この最高裁判決(平成8年11月26日、事件番号平成5(オ)947)では、被相続人が相続開始時に債務を有していた場合の遺留分の侵害額の算定方法について、次のような見解が示されました。
判決の要点
- 遺留分の算定基礎となる財産額の確定方法
遺留分の算定においては、民法1029条、1030条、1044条の規定に従い、以下の手順で計算されるべきとしています。
1.まず、被相続人が相続開始の時に有していたすべての財産の価額に、贈与された財産の価額を加えます。
2.次に、その合計額から被相続人のすべての債務を控除し、遺留分算定の基礎となる財産額を確定します。
3.その額に対して、民法1028条で定められた遺留分の割合を乗じます。
4.複数の遺留分権利者がいる場合には、それぞれの法定相続分の割合をさらに乗じます。
5.遺留分権利者が特別受益財産を得ている場合は、その価額を控除して、最終的な遺留分額を算定します。
- 遺留分の侵害額の算定方法
算定された遺留分の額から、遺留分権利者が相続によって得た財産の額を控除します。
また、遺留分権利者が負担すべき相続債務がある場合は、その額を加算して、遺留分の侵害額を算定します。
- 遺留分減殺請求権の行使に関する影響
遺留分減殺請求権を行使した結果、遺留分権利者はその侵害額に応じた持分を取得するものとされています。

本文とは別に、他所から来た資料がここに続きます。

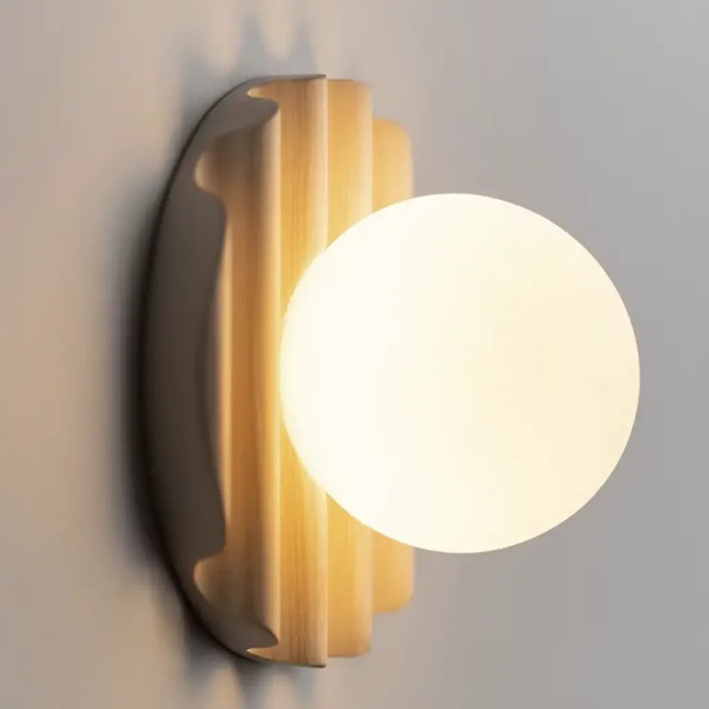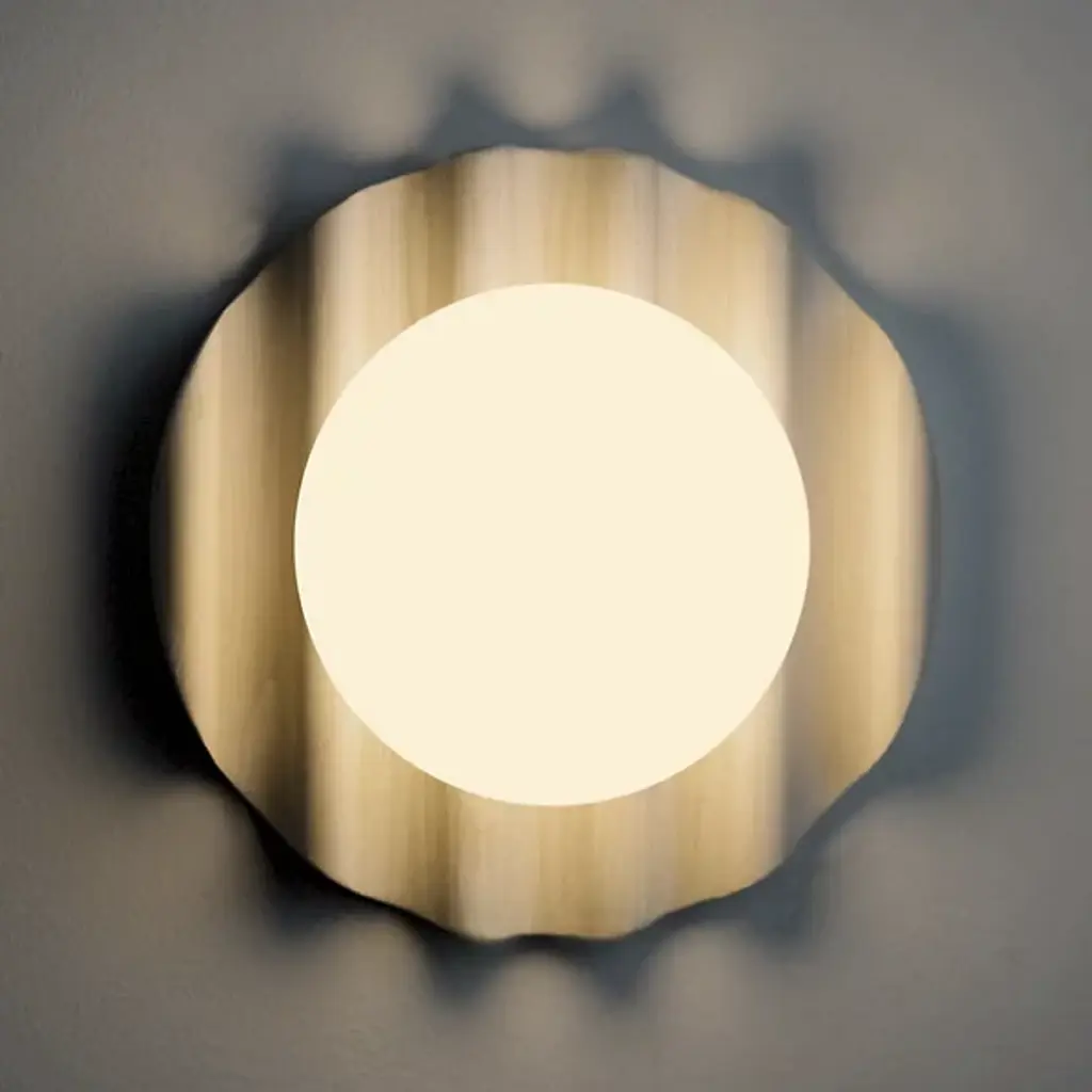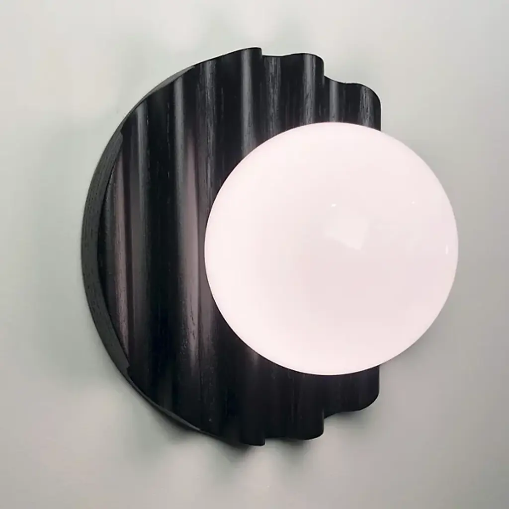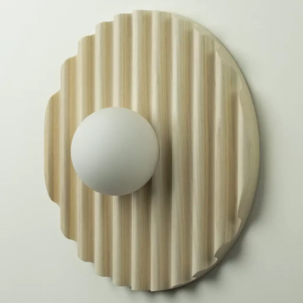 Provide balanced, broad appeal to indoor walls with the subtle lines of the Tablet Ripple Wall Sconce from Tomnuk Design. An iconic, contoured design from the innovative mind of Jordan Tomnuk. It starts with a round, wooden wall plate enriched with curving vertical contours, setting strong lamping beneath a round glass shade. Elegant and ADA-compliant, the translucent shade medium cuts glare, transforming it into a warm wash of light that splashes out to the sides, enriching the sculptural construction of the sconce memorably.
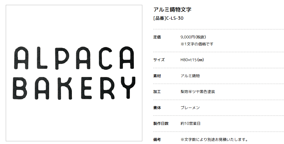 文字サイン アルミ鋳物文字

この持分は、相続開始時の相続財産の価額の総和で割った割合によって決定されます。
- 相続債務の弁済と遺留分算定方法への影響
相続開始後、相続債務が特定の相続人によって単独で弁済され、その結果、他の相続人との間で求償権が発生したとしても、その求償権と損害賠償請求権との相殺が行われ、求償権がすべて消滅した場合であっても、遺留分の算定方法自体には影響を及ぼさないとされています。
- まとめ
この判決は、相続開始時に被相続人が債務を有していた場合の遺留分侵害額の算定方法についての詳細なルールを示しています。
債務が存在する場合でも、遺留分の算定方法は変わらず、特定の相続人が債務を弁済したとしても、遺留分の権利に影響を及ぼすことはないと解釈されています。
これにより、相続債務の存在が遺留分侵害の算定に与える影響が明確化されました。